RECORD EXTRACTS
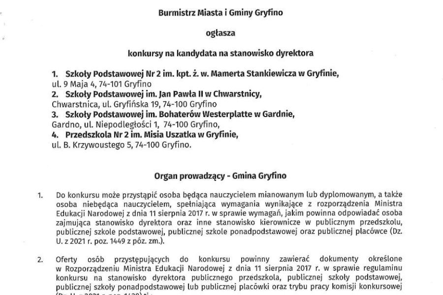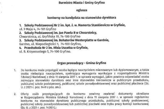 Ogłoszenie - konkurs na kandydata na stanowisko dyrektora Szkoły Muzycznej I stopnia w Gryfinie
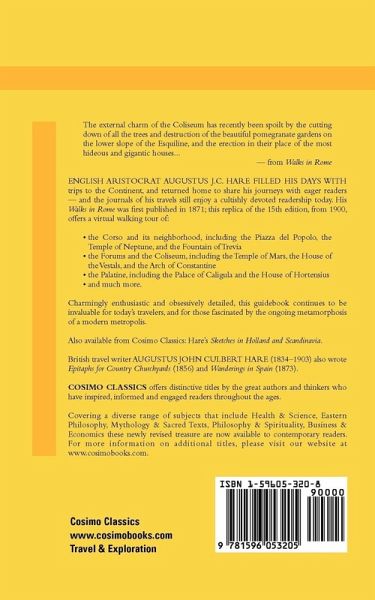 The external charm of the Coliseum has recently been spoilt by the cutting down of all the trees and destruction of the beautiful pomegranate gardens on the lower slope of the Esquiline, and the erection in their place of the most hideous and gigantic houses... -from Walks in Rome English aristocrat Augustus J.C. Hare filled his days with trips to the Continent, and returned home to share his journeys with eager readers-and the journals of his travels still enjoy a cultishly devoted readership today. His Walks in Rome was first published in 1871; this replica of the 15th edition, from 1900, offers a virtual walking tour of: . the Corso and its neighborhood, including the Piazza del Popolo, the Temple of Neptune, and the Fountain of Trevia . the Forums and the Coliseum, including the Temple of Mars, the House of the Vestals, and the Arch of Constantine . the Palatine, including the Palace of Caligula and the House of Hortensius . and much more. Charmingly enthusiastic and obsessively detailed, this guidebook continues to be invaluable for today's travelers, and for those fascinated by the ongoing metamorphosis of a modern metropolis. Also available from Cosimo Classics: Hare's Sketches in Holland and Scandinavia. British travel writer Augustus John Culbert Hare (1834-1903) also wrote Epitaphs for Country Churchyards (1856) and Wanderings in Spain (1873).
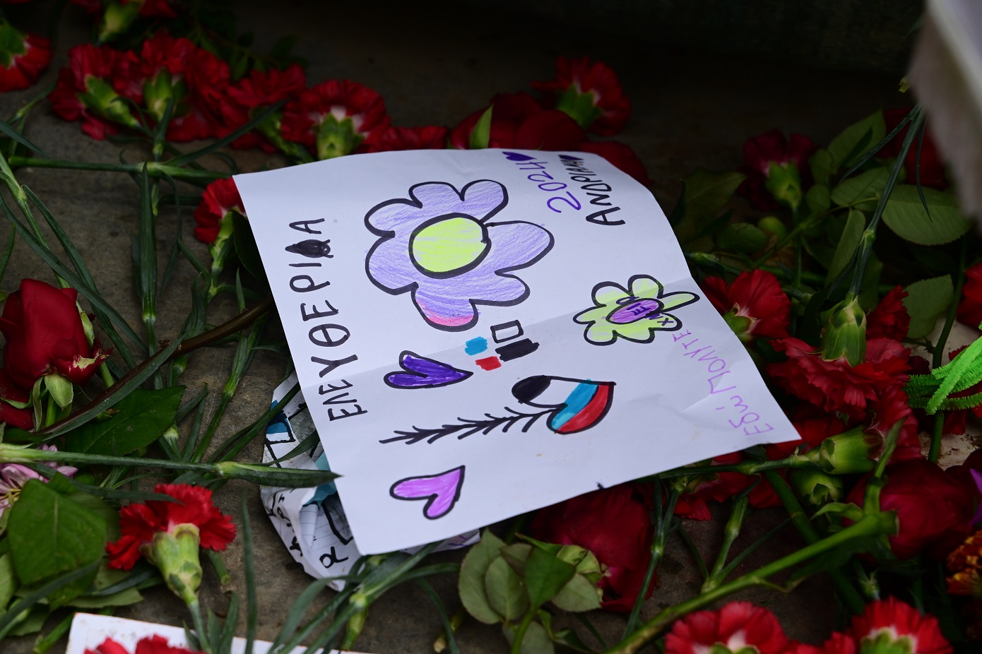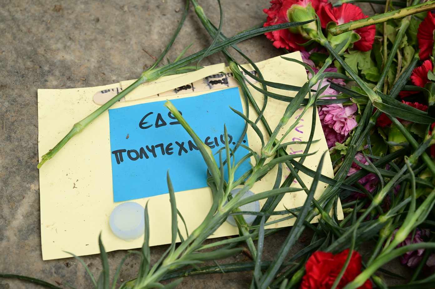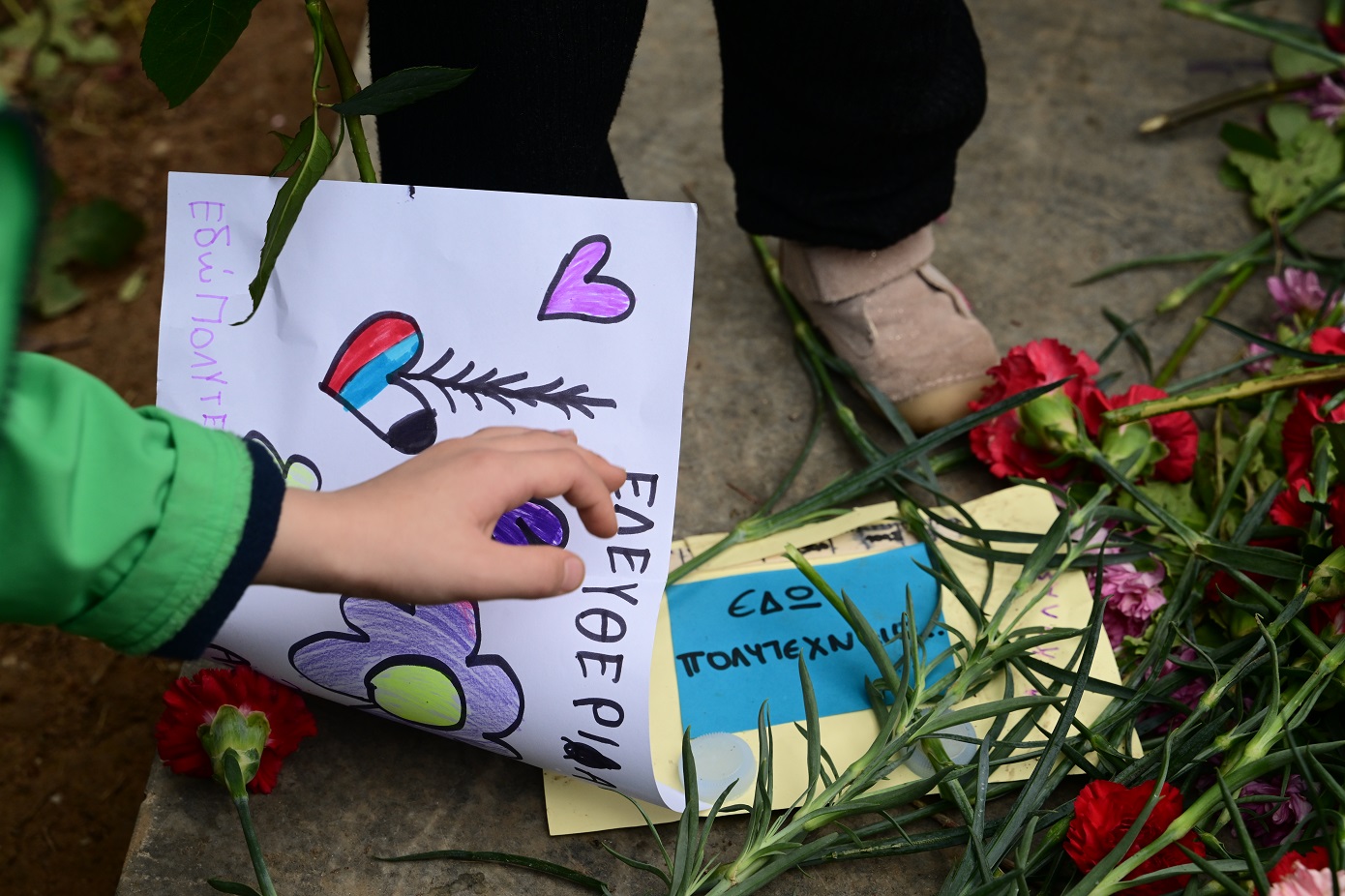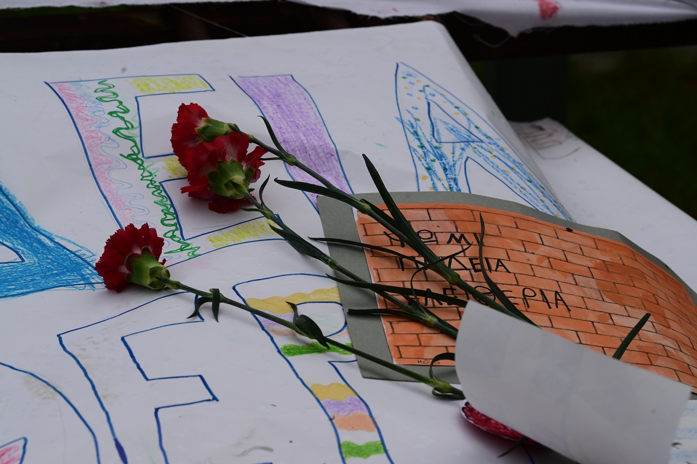 Πρωταγωνιστές και φέτος τα μικρά παιδιά που άφησαν μία ζωγραφιά και ένα κόκκινο γαρύφαλλο στο μνημείο που βρίσκεται στον προαύλιο χώρο του Πολυτεχνείου.
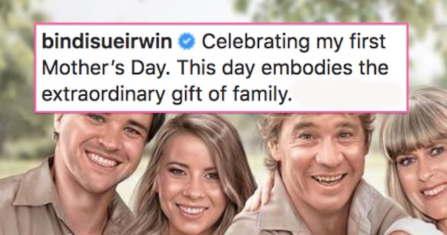 Bindi Irwin is celebrating her first Mother’s Day, a day filled with joy, but for those who have lost a parent, the day — like most holidays — can be bittersweet. Though Bindi’s late father Steve Irwin would presumably be thrilled to become a grandfather, Bindi honored her father the best way she could, with a sweet piece of artwork that imagines her entire family celebrating Mother’s Day together.
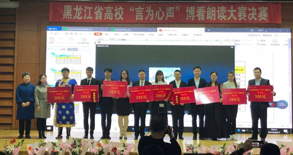 4月21日上午,由哈尔滨工业大学主办、博看数据库承办的“言为心声”博看朗读大赛决赛在哈尔滨工业大学活动中心101举行。广厦学院2018级应用心理学一班的黄飞博同学在面对众多优秀的选手时,不负众望超长发挥并最终取得优异的成绩。
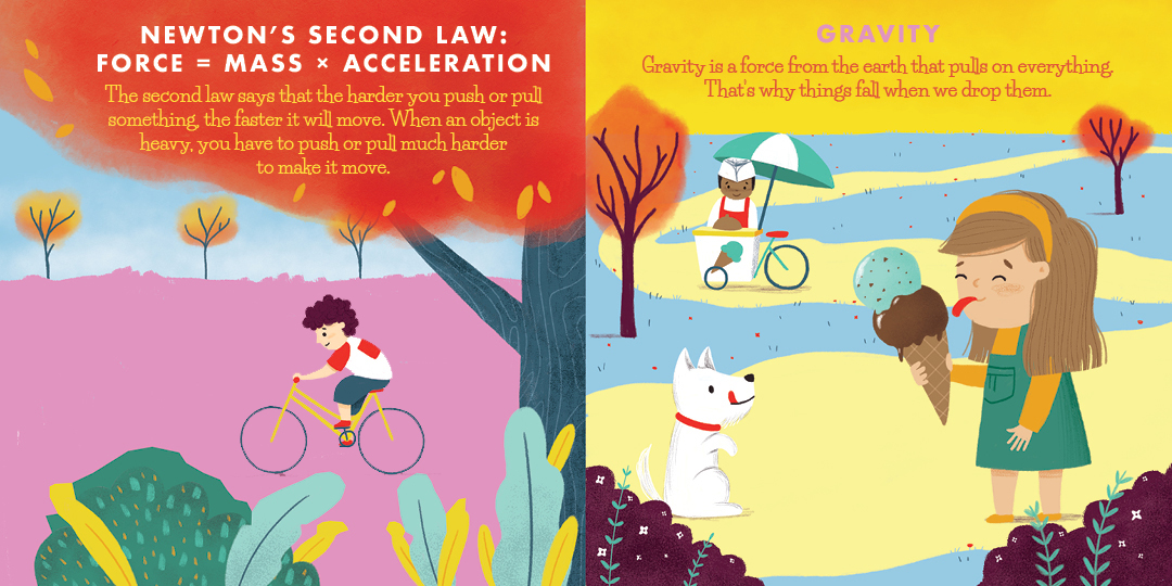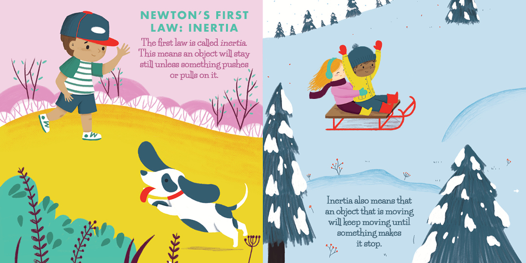 Engage with Newton on gravity and explore mass, lift, friction, and other amazing laws of physics with the most exciting and interactive physics book available for your little genius! With explanations and real-life examples of Newton’s Three Laws, this interactive board book invites children to pull the levers, turn the wheels, and watch as an airplane lifts off, a roller coaster zooms around a loop, and a boat floats. Each concept is animated and interactive to introduce and explore some of most important aspects of our physical world. Kids will delight in seeing centripetal force, inertia, thrust, and more come to life. A perfect tool for instructing and inspiring little physicists of all ages.
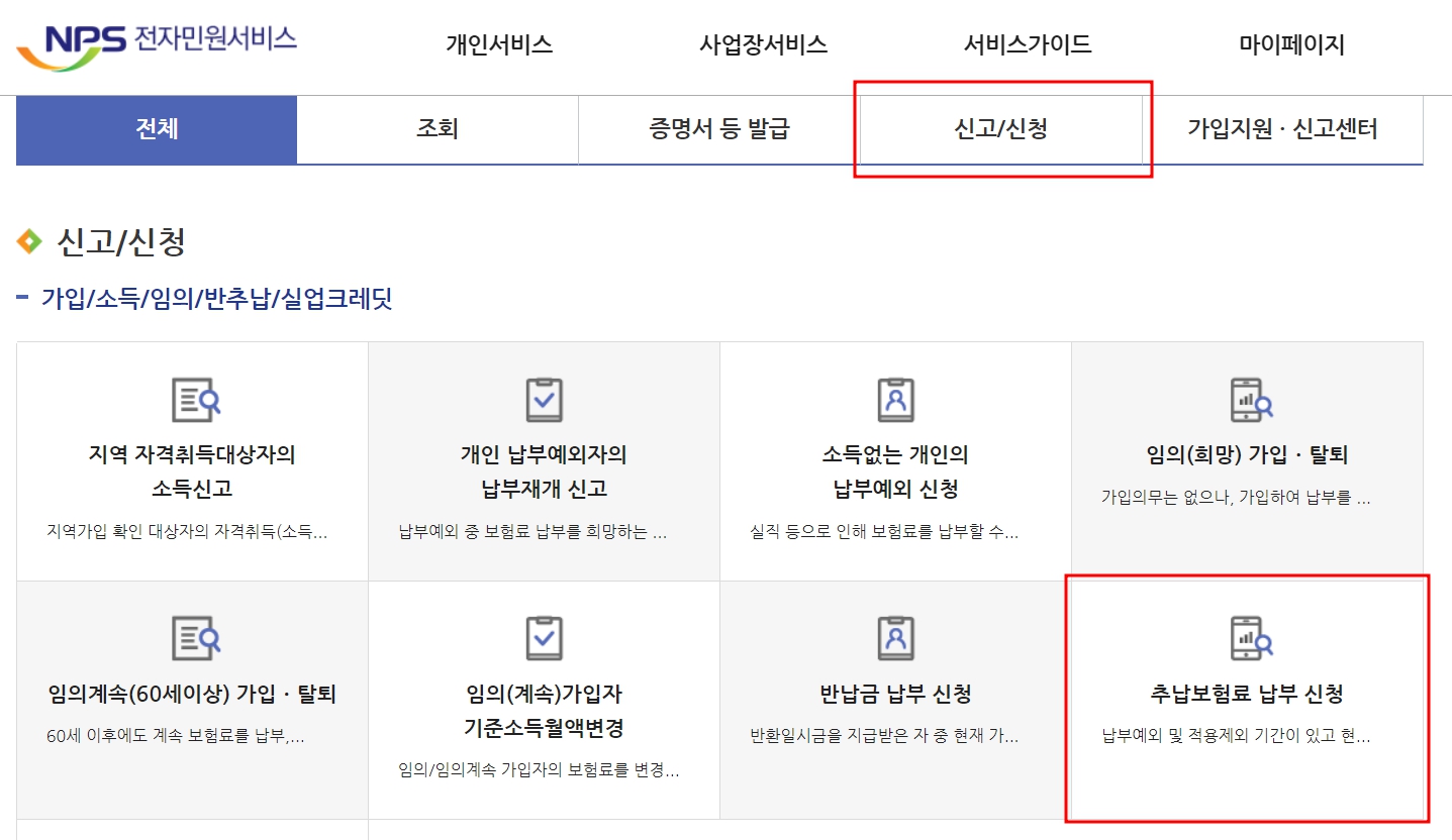 4) [신고/신청]을 클릭하신 후 [추납보험료 납부신청]을 클릭하여 접속해주시기 바랍니다.

PROBLEM STATEMENT
Exactly reproduce the lines that run from the first line of the listing above to the line containing "Bindi Irwin is", including both; omit the pictures.

PROBLEM SOLUTION
 Ogłoszenie - konkurs na kandydata na stanowisko dyrektora Szkoły Muzycznej I stopnia w Gryfinie
 The external charm of the Coliseum has recently been spoilt by the cutting down of all the trees and destruction of the beautiful pomegranate gardens on the lower slope of the Esquiline, and the erection in their place of the most hideous and gigantic houses... -from Walks in Rome English aristocrat Augustus J.C. Hare filled his days with trips to the Continent, and returned home to share his journeys with eager readers-and the journals of his travels still enjoy a cultishly devoted readership today. His Walks in Rome was first published in 1871; this replica of the 15th edition, from 1900, offers a virtual walking tour of: . the Corso and its neighborhood, including the Piazza del Popolo, the Temple of Neptune, and the Fountain of Trevia . the Forums and the Coliseum, including the Temple of Mars, the House of the Vestals, and the Arch of Constantine . the Palatine, including the Palace of Caligula and the House of Hortensius . and much more. Charmingly enthusiastic and obsessively detailed, this guidebook continues to be invaluable for today's travelers, and for those fascinated by the ongoing metamorphosis of a modern metropolis. Also available from Cosimo Classics: Hare's Sketches in Holland and Scandinavia. British travel writer Augustus John Culbert Hare (1834-1903) also wrote Epitaphs for Country Churchyards (1856) and Wanderings in Spain (1873).
 Πρωταγωνιστές και φέτος τα μικρά παιδιά που άφησαν μία ζωγραφιά και ένα κόκκινο γαρύφαλλο στο μνημείο που βρίσκεται στον προαύλιο χώρο του Πολυτεχνείου.
 Bindi Irwin is celebrating her first Mother’s Day, a day filled with joy, but for those who have lost a parent, the day — like most holidays — can be bittersweet. Though Bindi’s late father Steve Irwin would presumably be thrilled to become a grandfather, Bindi honored her father the best way she could, with a sweet piece of artwork that imagines her entire family celebrating Mother’s Day together.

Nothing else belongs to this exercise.